Quantification of behaviors related to neuropsychiatric disorders presents a challenge for researchers; symptoms are not homogenous across individuals with the same diagnosis and symptoms wax and wane over time. Psychophysical tasks provide a controlled setting to probe various behavioral and cognitive states, including reward evaluation, uncertainty, and error-monitoring.

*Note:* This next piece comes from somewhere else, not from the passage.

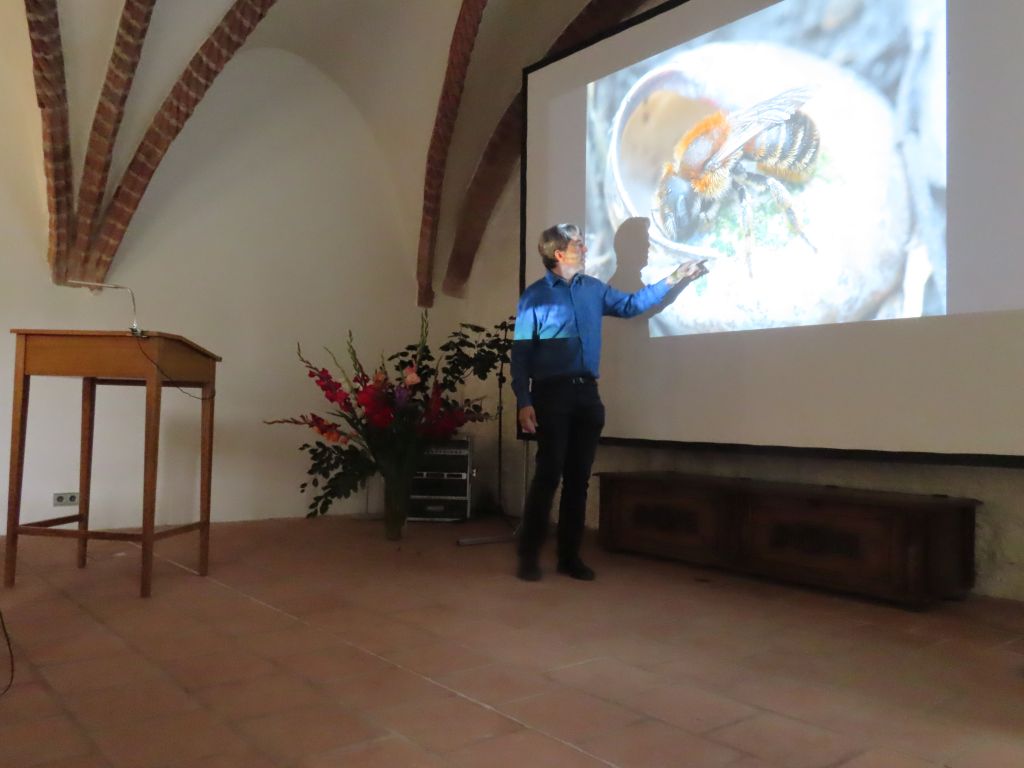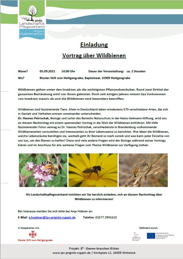 Am 05. September 2021 lud der LPV Prignitz-Ruppiner Land e.V. zu einer Informationsveranstaltung zum Thema Wildbienen in das Kloster Stift zum Heiligengrabe ein. Dr. Hannes Petrischak, Biologe und Leiter des Bereichs Naturschutz in der Heinz Sielmann Stiftung, entführte die Teilnehmer*innen der Veranstaltung mit einem spannenden Vortrag in die Welt der Wildbienen. Mithilfe faszinierender Fotos vermochte es Dr. Hannes Petrischak, verschiedenste in Brandenburg vorkommende Wildbienenarten vorzustellen und Interessantes zu ihrer Lebensweise zu berichten. Wie leben die Wildbienen, welche Lebensräume benötigen sie, weshalb geht ihr Bestand so stark zurück und was kann jede*r Einzelne von uns tun, um den Bienen zu helfen? Diese und viele weitere Fragen der Teilnehmenden konnte der Biologe an diesem Nachmittag klären.

However, psychophysical tasks are typically deployed in the lab or the clinic, making it difficult for repeated testing over time. We have developed a code base for deploying behavioral tasks across various platforms (e.g. in clinic, at home, online) to study how OCD (Obsessive Compulsive Disorder) related behaviors change over time and vary across individuals.

4:30 – 4:45

Reproducibility in the classroom with Jupyter Hub and GitHub Classroom. Introduction and Faculty Panel

Carsten Eickhoff 1, David Sheinberg 2, Isabel Restrepo (Moderator)3

1. Assistant Professor of Medical Science, Assistant Professor of Computer Science 2. Professor of Neuroscience 3. Lead Data Scientist, CCV

JupyterHub provides a convenient way to serve Jupyter Notebooks for multiple users with a pre-configured computing environment where users do not need to worry about installing any software packages. With the goal of lowering barriers to computing, various teams of CIS have worked together to make JupyterHub available for courses and workshops at Brown. In this talk, we will briefly introduce the service, it’s history, and roadmap. We will follow with a panel to learn directly from faculty about their experience using JupyterHub in the classroom

4:45 – 5:10

CCV Showcase

Thomas Serre 1, Paul Stey 2, Linnea Wolfe 3, Jill Pipher4

1. Faculty Director, CCV 2. Director of Data Science and Scientific Computing, CCV 3. Director of Operations, CCV 4. Elisha Benjamin Andrews Professor of Mathematics, Vice President for Research Faculty Provost's Office

We will discuss CCV’s role in research at Brown and the new services and resources we provide.

5:10 – 7:00

Faculty Reception

We invite all faculty to attend a meet and greet with CCV staff at the Carney Institute for Brain Science (164 Angell St, 4th Floor).